I rsync over ssh all the time through pfSense. Never had to do anything special and never had any problems.

dotdash

I don't have time to dig into your setup too deeply, but I've been using rsync with one or both sides behind pfSense for years without issues.
I'm not doubting you are experiencing problems, but I don't think the problem is endemic to pfSense.
Doh! Beaten to the punch by Derelict…

hcoin

Solved.

Box-subnet-A.foo.com sends a TCP packet to Box-subnet-B.foo.com. Box-subnet-B.foo.com cooks up an ACK and related traffic with destination on subnet-A. Little does anyone suspect Box-Subnet-B.foo.com is pulling double duty and standing-in for Box-Broken-Subnet-A.foo.com and so it has a little suspected interface on subnet A.

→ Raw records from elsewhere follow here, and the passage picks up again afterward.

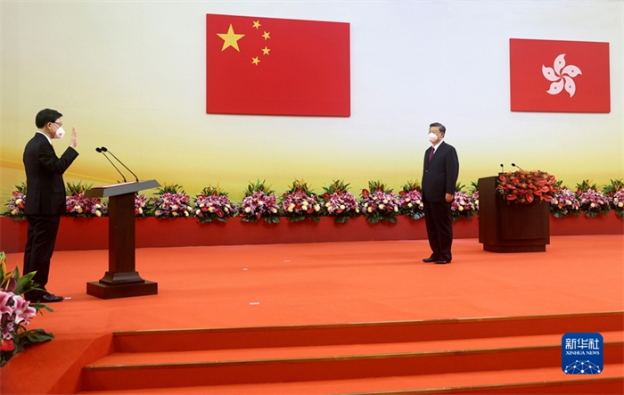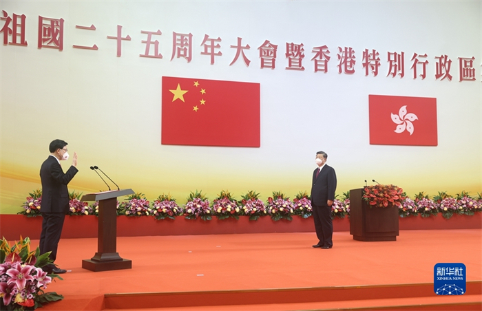 新华社香港7月1日电(记者陈键兴 朱基钗 赵博)庆祝香港回归祖国25周年大会暨香港特别行政区第六届政府就职典礼1日上午在香港会展中心隆重举行。中共中央总书记、国家主席、中央军委主席习近平出席并发表重要讲话。他强调,25年来,在祖国全力支持下,在香港特别行政区政府和社会各界共同努力下,“一国两制”实践在香港取得举世公认的成功。“一国两制”是经过实践反复检验了的,符合国家、民族根本利益,符合香港、澳门根本利益,得到14亿多祖国人民鼎力支持,得到香港、澳门居民一致拥护,也得到国际社会普遍赞同。这样的好制度,没有任何理由改变,必须长期坚持。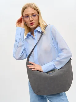 Сумка хобо через плечо замшевая серая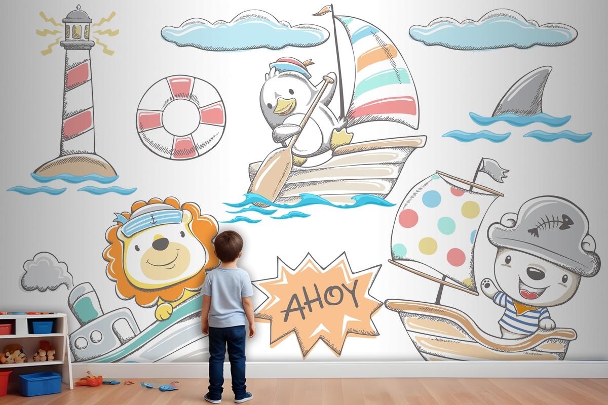 Elle Çizilmiş Komik Hayvanlar Deniz Elementleri Çocuk Odası Duvar Kağıdı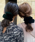 寝過ごしてダッシュで出社した友人がシュシュ(ふんわりフェイクファー)を忘れて一日テンションだだ下がりだったので、万一のためにロッカーに入れとき?と2カラーを渡しました。

So, when it's time for B to answer A, it notices there's a direct path out it's happenstance A interface, avoiding the router altogether. It sends the ack and related traffic out the subnet A interface with the subnet A return address– which the original sender doesn't recognize at all, drops, and the transfer stalls.

. I Just Hate Asymmetric Routing Artifacts . I always seem to suspect them last at the cost of a day.

Removed the subnet A interface on box B --- all good.

hcoin

Thanks to the two folks who posted here. I too use rsync and ssh via pfsense for years now without issues. That's what had me so stumped. The fact asymmetric routing is a bug I think is a bug in routing in general.

I'm guessing with the NDP thing if I were using ipv6 this issue would have been avoided. Any v6 capable folks agree or not? Does v6 avoid asymmetric routing issues?

P.S. The above is just the diagnosis. The easiest answer I could find was to add an outbound nat rule on the lan interface that maps all traffic coming from subnet A on the lan port, going to the problematic double-homed machine(s) to be natted to the lan interface address on the subnet B network. Works like a charm.